L'INVECCHIAMENTO - E a fronte dell’invecchiamento generale non si possono ignorare i dati resi noti dall’Oms nel 2012: sono circa 35,6 milioni le persone affette da demenza in tutto il mondo e il numero è destinato a raddoppiare nei prossimi 20 anni. In Italia, con 150mila nuovi casi ogni anno, si stima che la demenza colpisca circa un milione di persone e di queste circa 600mila soffrano di Alzheimer. Un’emergenza sociale ed economica, per i costi sanitari che porta con sé, che ha portato il presidente degli Stati Uniti Obama a lanciare il progetto decennale di ricerca Brain Activity Map, con l’ambizioso obiettivo di «mappare» la mente umana com’è stato fatto con il Dna e trovare finalmente una cura per le malattie degenerative finora impossibili da battere come Alzheimer e Parkinson. «Mentre nei laboratori si cercano nuove terapie efficaci, c’è qualcosa che è già oggi alla portata di tutti – dice Cappa -: seguire una dieta mediterranea piuttosto che una ricca di grassi; fare attività fisica regolarmente (almeno tre volte a settimana, anche solo camminare per mezz’ora), stimolare il cervello e non isolarsi: enigmistica, scacchi, carte, giochi, lettura. Così si può ridurre le probabilità di ammalarsi o ritardare l’evoluzione della malattia». E’ semplice, eppure stando alle statistiche Istat siamo sempre più pigri e sovrappeso, inchiodati davanti alla tv, con conseguenze nefaste per la salute. «Bisogna capire che una vita ricca di stimoli intellettuali ed emotivi può migliorare persino la dotazione genetica che ciascuno di noi ha avuto alla nascita – aggiunge Centonze -: alcune persone non si ammaleranno mai di patologie neurodegenerative perché il loro corredo genetico è in grado di riparare i “danni del tempo”.

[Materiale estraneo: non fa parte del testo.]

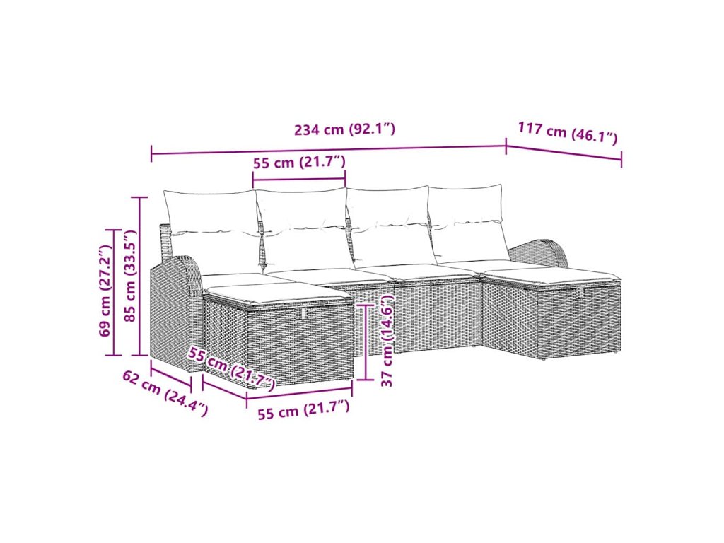 - Materiál poly ratan: Tento gaučový set je vyrobený z kvalitného poly ratanu, ktorý má krásnu tkanú textúru, čo posilňuje jeho moderný vzhľad. Poly ratan je ľahký a veľmi odolný voči vonkajším podmienkam, takže je ideálny pre akékoľvek vonkajšie použitie, bez ohľadu na ročné obdobie.
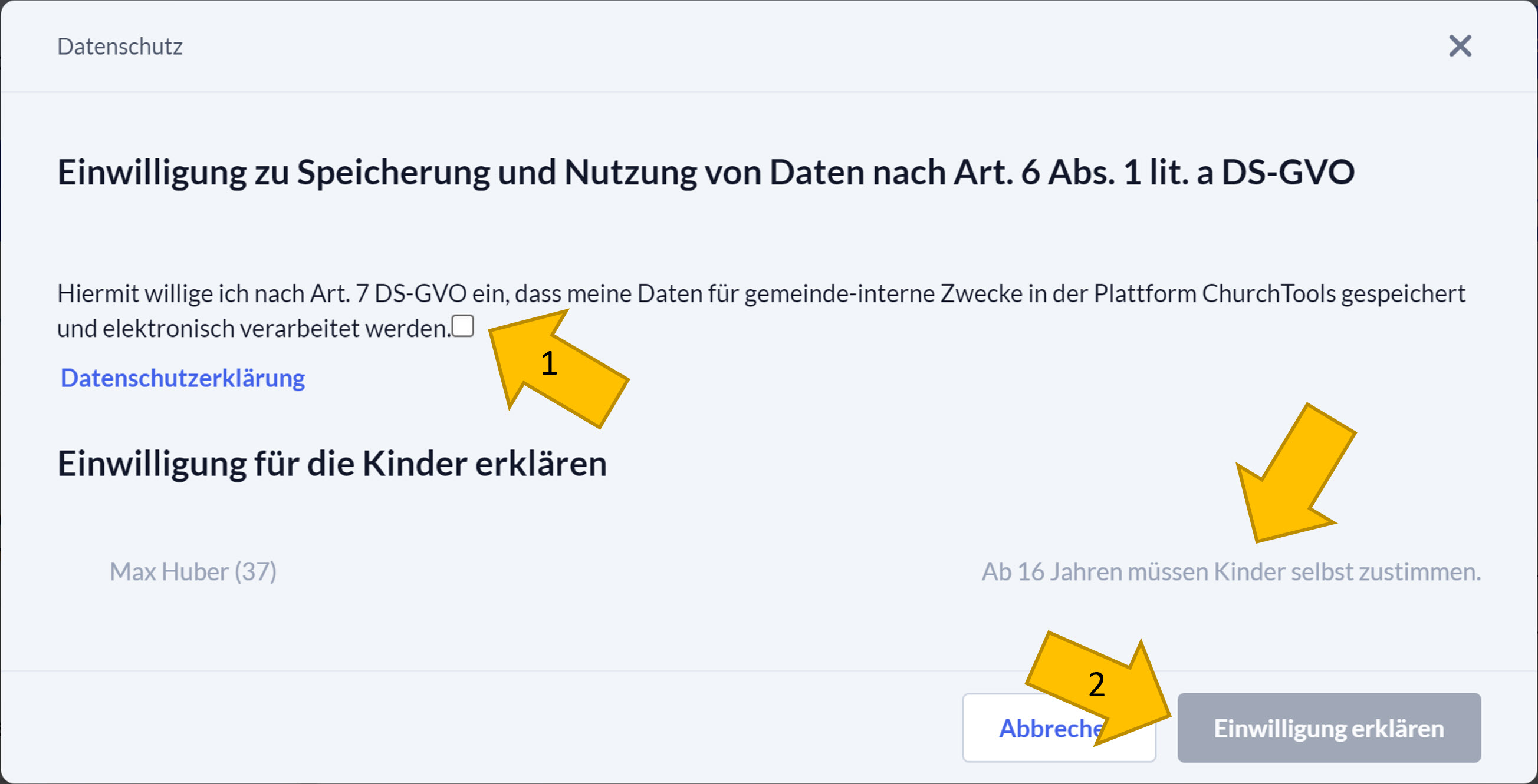Hilfe zur Abgabe der Einwilligung in ChurchTools
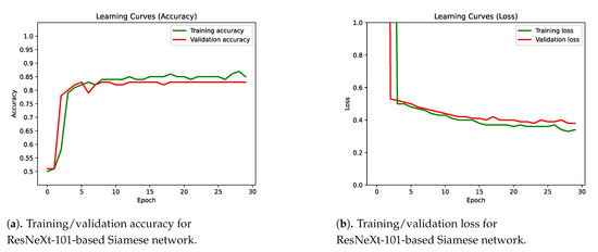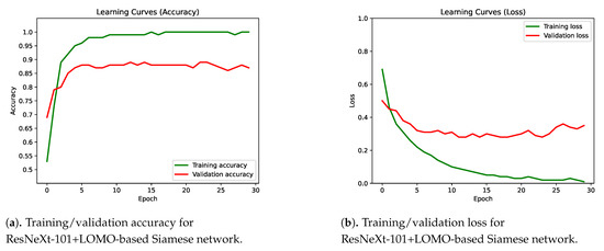 Figure 12a shows the training and validation accuracy for the Siamese net based on ResNeXt-101. Figure 12b shows the loss of this model. This model has been trained with an image shape of 299 × 299 for 30 epochs, and the weights for the first layers have been blocked using pre-trained weights for ImageNet [31]. The size of the batch has been 16, using a binary cross entropy loss and an Adam optimizer with a learning rate of 0.001. The best validation accuracy has been obtained in epoch five. The same parameters have been used for the LOMO and the ResNeXt-101+LOMO models.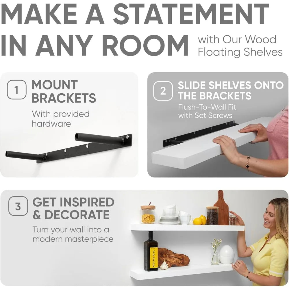 Meet the Premium White 42-Inch Wall-Mounted Solid Wood Floating Shelf from FurnitureZ: all the style and durability you want, at a price that fits your budget. This shelf combines timeless design with practical strength, making it an ideal choice for anyone looking to enhance their home without overspending.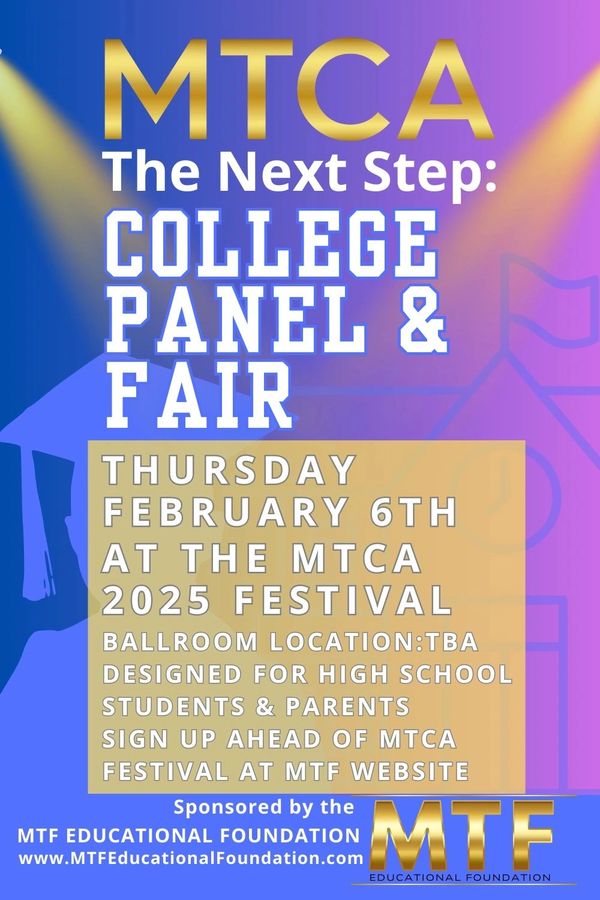 MTCA College Panel & Fair will be February 6th, 2025 at the MTCA 2025 Festival. High School Students must sign-up/register with link.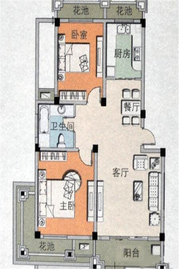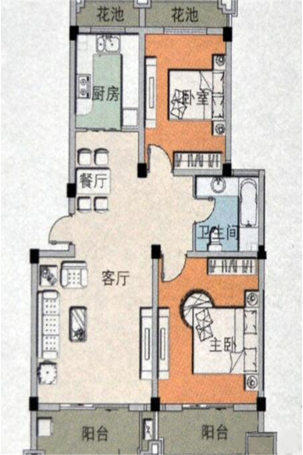 优势: 1.高得房率,双阳台设计。 1.客厅朝南,紧邻南面阳台,采光充足,空间方正通透。 2.主卧朝南,带阳台,采光充足,同时设有私人卫浴,保障隐私空间。 劣势: 1.餐厅和客厅没有完全一体设计,而且餐厅的空间还被过道占据一部分,不是很舒适。 2.户型进深长面宽短,采光不佳。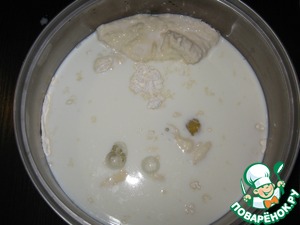 Сначала приготовим тесто для блинчиков (25 шт). Чтобы они хорошо переворачивались и не рвались, молоко нужно подогреть примерно до 40 градусов. В миску положить муку, яйца, соль, сахар, ванилин и примерно половину молока.

«PLASTICITA' NEURONALE» - Ma anche chi «parte sfavorito» alla nascita può migliorare. I concetti di «plasticità sinaptica» e «epigenetica» assegnano all’ambiente in cui viviamo un ruolo neanche immaginato in passato. La scoperta della plasticità neuronale ha permesso infatti di comprendere che il cervello è continuamente in trasformazione a causa delle esperienze quotidiane, che lasciano una traccia nei circuiti cerebrali, modificando in modo duraturo l’efficienza della comunicazione tra i neuroni e addirittura l’espressione dei geni, condizionando il comportamento e perfino il rischio di ammalarsi di una data malattia». Tutto ciò, tradotto in esempi pratici, significa che durante l’attività sportiva si rilasciano sostanze che sono in grado sia di rallentare i danni neuronali che portano allo sviluppo di patologie neurodegenerative che di incrementare quella brain reserve a cui poter attingere nel caso ci si ammali (così la malattia evolverà più lentamente e i sintomi saranno meno gravi). Allo stesso modo l’allenamento cerebrale aiuta ad “addestrare” i neuroni sopravvissuti al danno a riparare il danno stesso.